What are some of the best practices to keep in mind while learning to code? - pskittle


======
ak39
I don't know if this list is useful for "learning to code", but I have been at
this for the past 20 years and I'm still learning to code!

These are my own silent confessions. YMMV.

1\. Condition yourself to be sharply aware and mindful whenever you're
"copying and pasting". It's a big code smell. Stop, think and ask if you can
refactor sensibly into reusable functions, views, models etc.

2\. Be ruthless with naming conventions. If a table, function, API name
doesn't sound like what it is supposed to be doing or used for, change it
before it's too late.

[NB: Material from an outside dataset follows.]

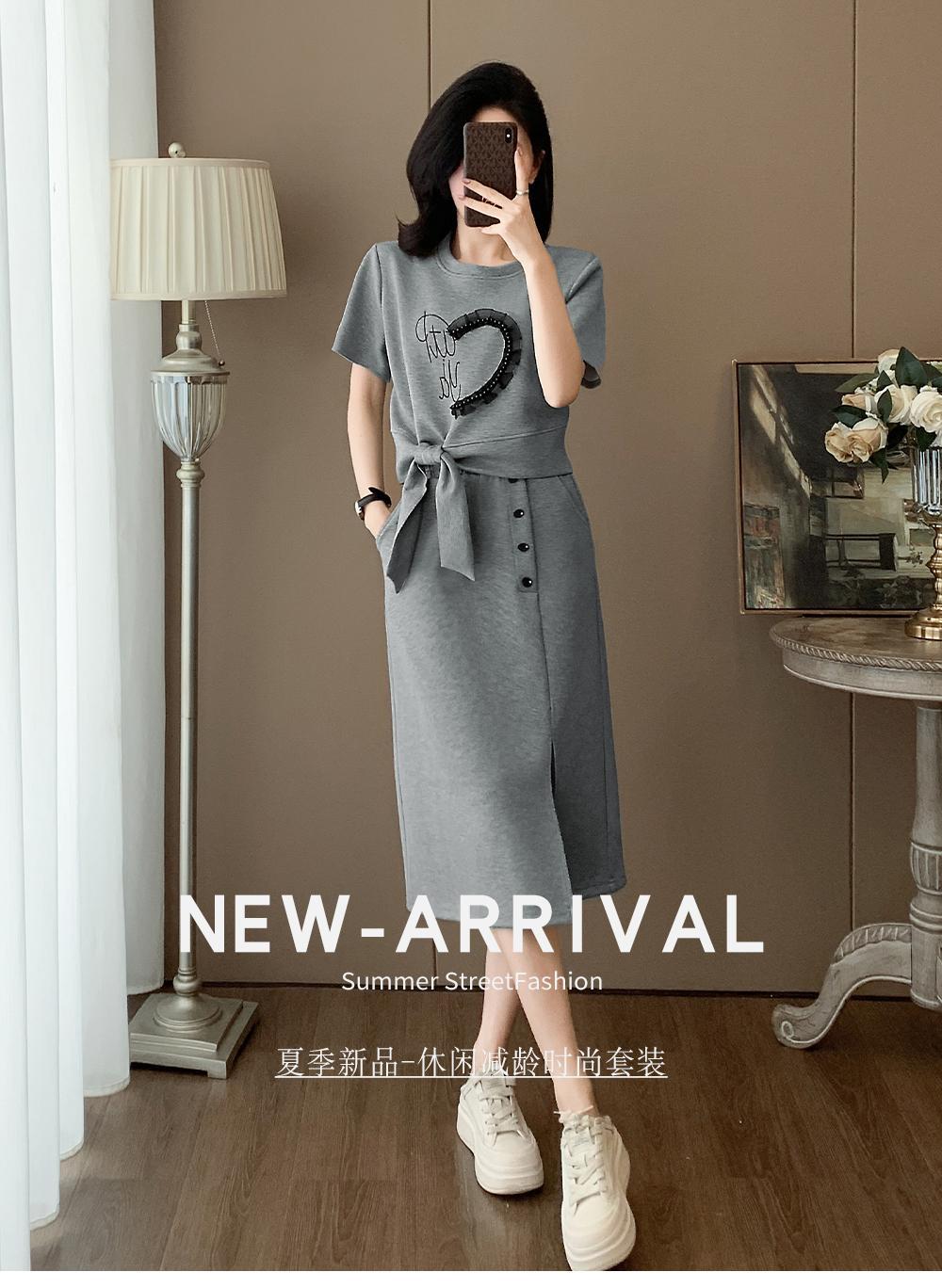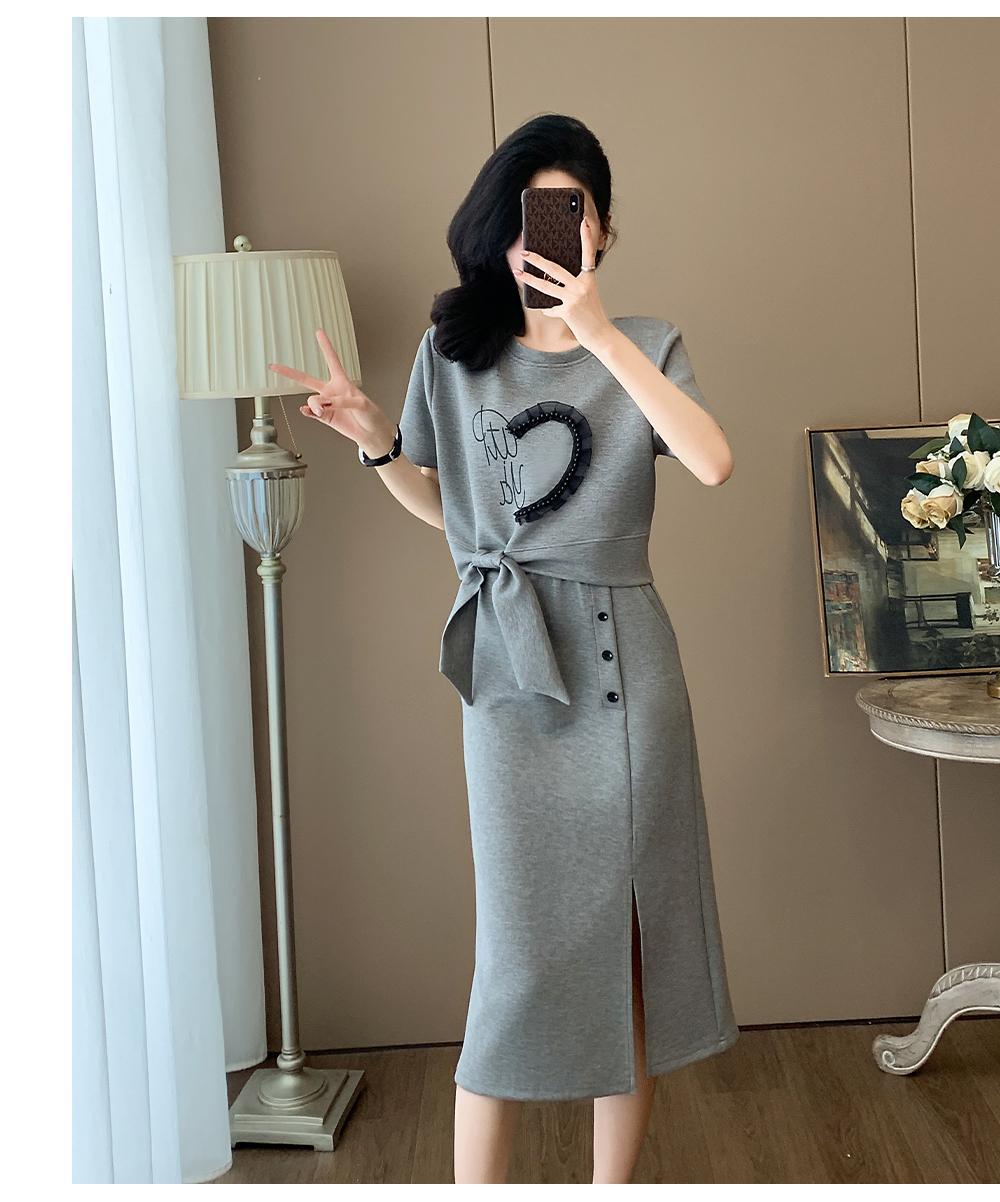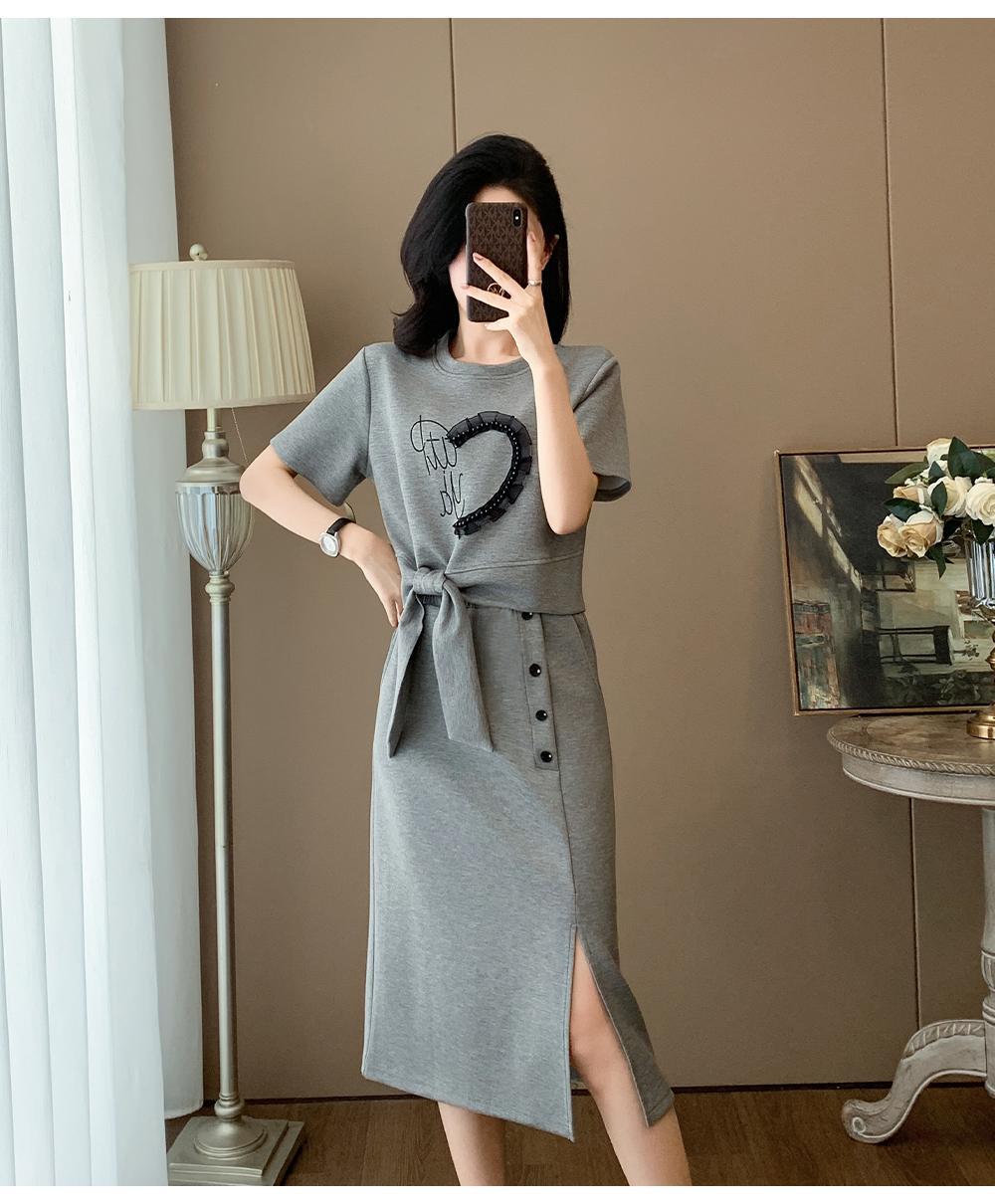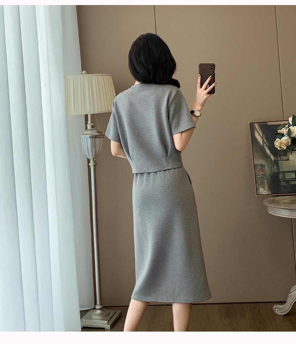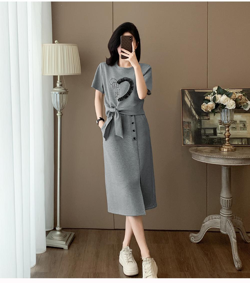 하이 엔드 센스 그레이 캐주얼 원피스 2025 년 여름 새로운 스포츠 스타일 반팔 티셔츠 반쪽 길이 스커트 투피스 세트

You'll be very sorry if you let this type of
procrastination pass as it will confuse you later or worse may have cascading
effect on poor naming conventions because one object was named incorrectly at
the start.

3\. If you find your own code difficult to enhance and modify the next time
you visit it, spend the time immediately to refactor. Next time it's easier to
continue. Avoiding this will result in two things:

3.1 You'll subconsciously develop a strong aversion to visiting the piece of
code again (often resulting in all sorts of compensating hacks. Unhealthy holy
cows can emerge.)

3.2 You'll doom your successor for sure.

4\. Don't write programs with no runtime configuration capabilities.

5\. Don't write programs with more than 2 runtime configuration options. If
your program needs more than 2, ship - then add as enhancement.

6\. Condition yourself to always think of loading resources as late as
possible and release as early as possible. Make this an OCD type of habit. It
pays off.

7\. Finally, don't be intimidated by the experts in the field. Don't ever
strive to be better than or compare yourself competitively with anyone else.
The experience is for yourself. Your programs are your own works, and your
curiosity, creativity and insight should drive your passion to improve daily.

(The last point applies to bodybuilding to, I suppose.)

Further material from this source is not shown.